= WHAT IS NEEDED =
Reproduce the entries shown below only from the line with "Силы взаимодействия между" down to the line with "Футболка мужская с", keeping both end lines and copying each one exactly.

___ EXTRACTED ENTRIES ___

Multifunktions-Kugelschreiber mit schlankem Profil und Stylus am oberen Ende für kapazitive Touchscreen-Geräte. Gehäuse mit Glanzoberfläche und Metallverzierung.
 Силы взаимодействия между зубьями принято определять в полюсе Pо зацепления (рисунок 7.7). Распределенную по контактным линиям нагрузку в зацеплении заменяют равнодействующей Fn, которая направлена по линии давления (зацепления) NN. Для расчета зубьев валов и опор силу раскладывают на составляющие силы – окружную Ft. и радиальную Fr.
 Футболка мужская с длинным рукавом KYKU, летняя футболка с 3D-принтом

___
___ EXTRACTED ENTRIES ___

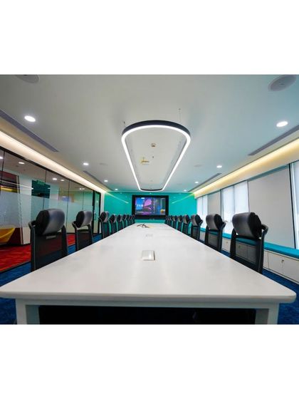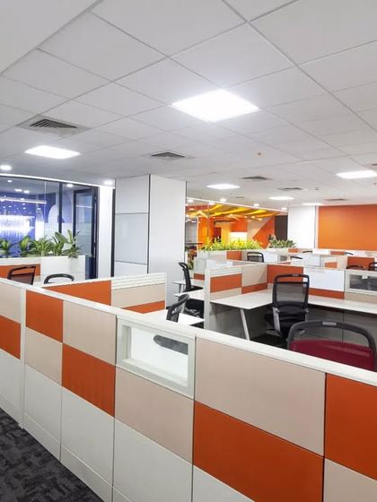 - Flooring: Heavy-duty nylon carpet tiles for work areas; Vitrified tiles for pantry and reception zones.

___

= ANSWER SECTION =
 Силы взаимодействия между зубьями принято определять в полюсе Pо зацепления (рисунок 7.7). Распределенную по контактным линиям нагрузку в зацеплении заменяют равнодействующей Fn, которая направлена по линии давления (зацепления) NN. Для расчета зубьев валов и опор силу раскладывают на составляющие силы – окружную Ft. и радиальную Fr.
 Футболка мужская с длинным рукавом KYKU, летняя футболка с 3D-принтом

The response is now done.